Project Management

Analysis (TMS)

Content is machine translated from English by Phrase Language AI.

Analysis calculates the character and word counts in selected files and identifies average characters per word, repetitions, non-translatables, translation memory matches, internal fuzzy matches and machine translation matches. Analysis can also show the number of revisions made by a reviewer.

Analyses can be created by Project managers or Administrators. Linguists cannot be allowed to run their own analyses. Vendors may create analyses for shared jobs/projects.

Some CAT tools refer to analysis as statistics.

Organizational analytics are provided by the analytics dashboard.

Since different billing units are used in different countries, three calculation methods are available:

  • Characters 

    Without spaces.

  • Words 

    For languages that use spaces between words—excluding Chinese, Japanese, and Thai.

  • Pages 

    1800 characters with spaces—unrelated to the actual number of pages in a file.

Word Count

Due to different counting methods across different languages, word count as presented may not be the same as word counts produced by other applications.

  • Each join tag is replaced with one space.

  • Other tags are removed.

In languages using a whitespace for separating words (e.g., English):

  • Each number sequence including +-,. is replaced with one character (using regexp expression [+-]?[0-9]+([., -]?[0-9]++)*+).

  • Each sequence of whitespaces is replaced with one space.

  • Whitespaces at the beginning and the end of segment are removed.
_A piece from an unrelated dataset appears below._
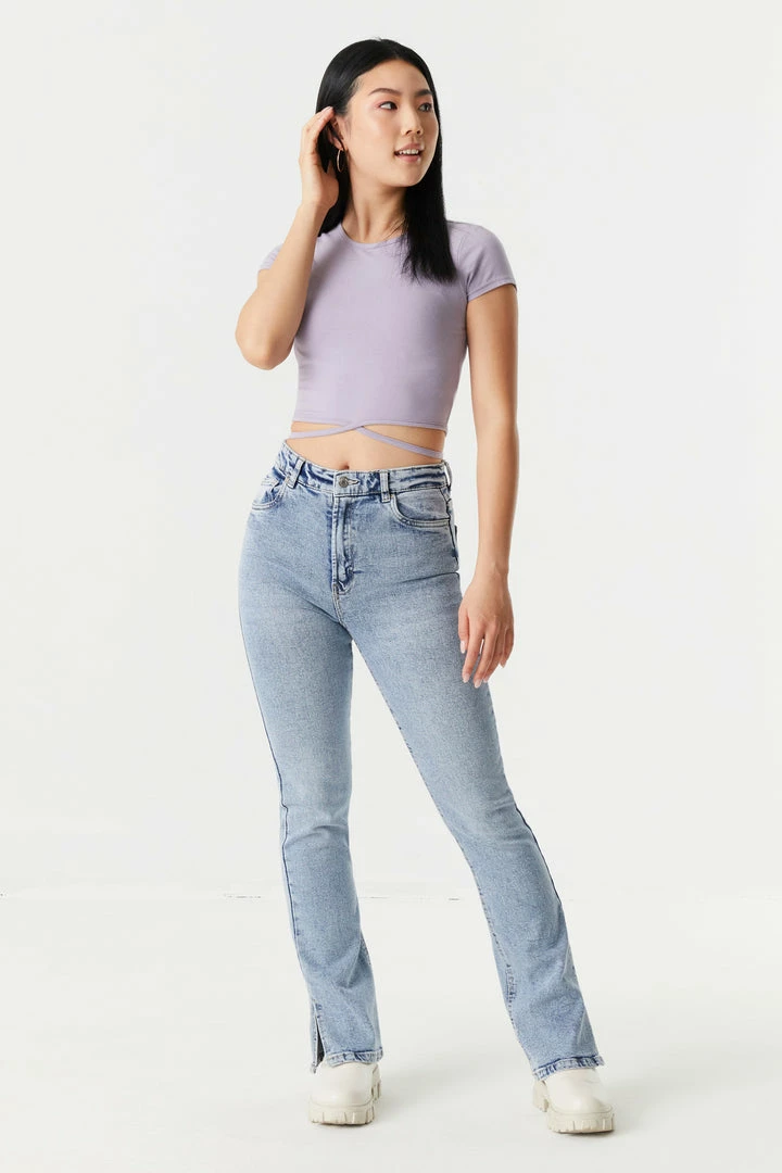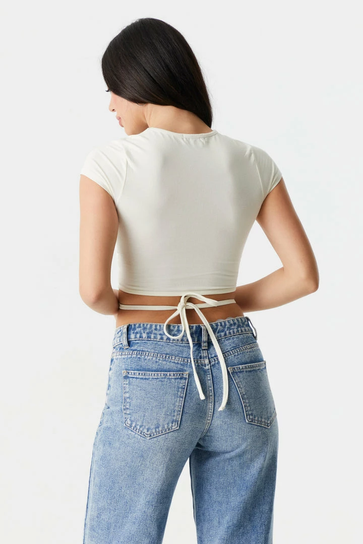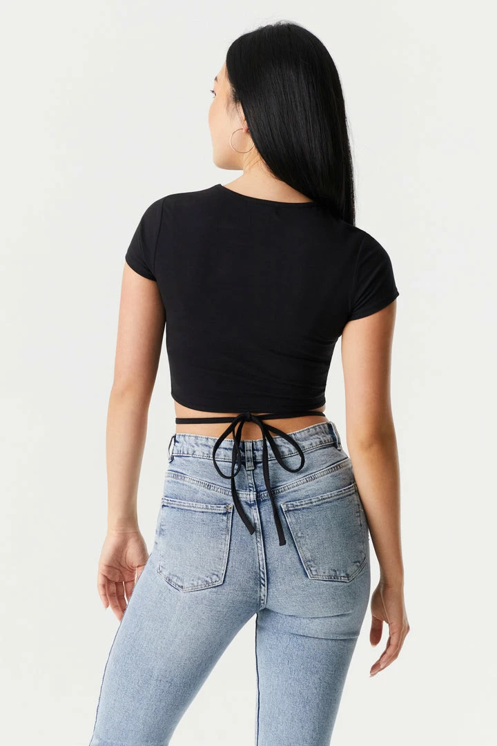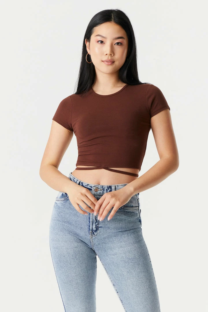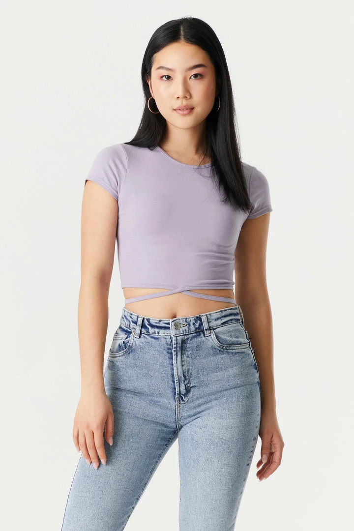 Send your basic tees on vaycay and start your summer on a stylish note! This t-shirt features short sleeves, cropped fit, criss cross self-tie waist and crew neck. Size runs small.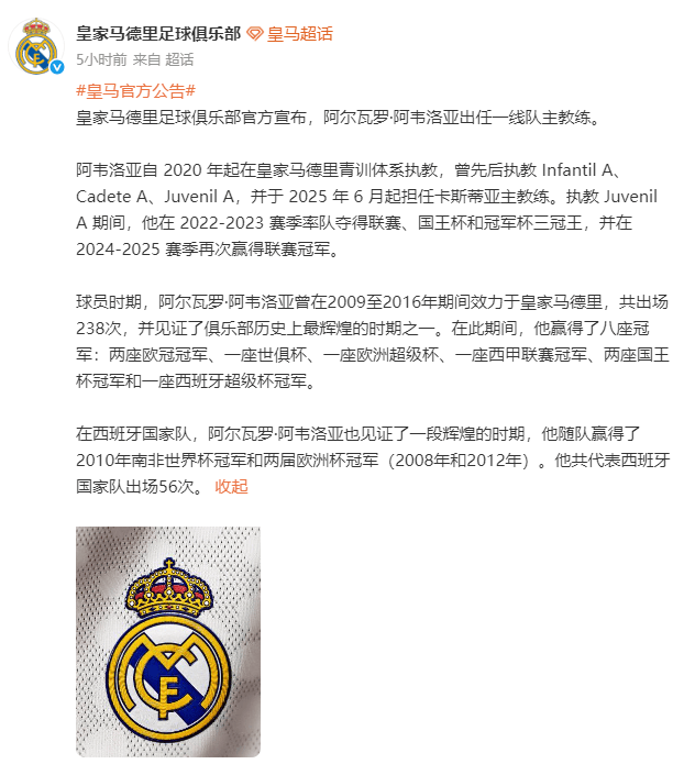 起正在皇家马德里青训系统执教阿韦洛亚自 2020 年,Cadete A、Juvenil A曾先后执教 Infantil A、, 月起担负卡斯蒂亚主老师并于 2025 年 6。nil A 时刻执教 Juve,队夺得联赛、国王杯和冠军杯三冠王他正在 2022-2023 赛季率,5 赛季再次取得联赛冠军并正在 2024-202。

  • Each sequence of characters different from space is counted as one word.

In Languages not using whitespace for separating words (e.g., Japanese):

  • Some punctuation marks are removed from the text (using regexp expression [\u2000-\u206F\u2E00-\u2E7F\u3000-\u3004\u3006-\u301F\\p{P}]).

  • Segment is split into sequences of characters belonging to non whitespace (NWS) Han, Hiragana, Katakana, and Thai scripts and sequences of characters not belonging to those scripts (WS).

  • Total number of words = (number of words from NWS) + (number of words from WS).

  • Number of words from WS is computed as for English.

  • Number of words for NWS is number of characters without whitespaces.

Note

Characters from CJK languages are counted as both characters and words.

Create an Analysis

To create an analysis, follow these steps:

  1. From a Project page, select one or more Jobs.

  2. Click Analyze.

    The Analyze window opens.

  3. Select a Type from the dropdown list.

  4. Provide a name if required.

    • Available macros for Analysis naming:

      • {projectName}

      • {sourceLang}

        Adds source language

      • {targetLang}

        Adds target language. If multiple languages are analyzed, the language will be empty.

      • {userName}

        Adds username of the assigned Linguist or Vendor. If multiple Linguists are assigned, the name will be empty.

      • {workflow}

      • {innerId}

      • {fileName}

        If more files/jobs are used for analysis, the {fileName} will be empty.

  5. Select analysis options. In particular:

    • Applying the Exclude numbers option will affect the word count as numbers will not be calculated as words.

    • The Include internal fuzzies option compares segments in the analyzed job for similarities within the file as opposed to only comparing them against a TM.

      If Separate internal fuzzies is checked, internal fuzzies matches are displayed as a separate category in newly created analyses. For example:

      A translation job with 10 source words includes the following segments, where only the last character differs:

      • I bought a new car.

      • I bought a new car!

      In case no matches are found in the TM, a default analysis will display:

      IF options

      TM category: 0%-49%

      TM category: 95%-99%

      IF category: 95%-99%

      Include IF disabled

      10 words

      Include IF enabled + Separate IF disabled

      5 words

      5 words

      Include IF + Separate IF enabled

      5 words

      5 words

  6. Click Analyze.

    The analysis, or analyses are added to the list.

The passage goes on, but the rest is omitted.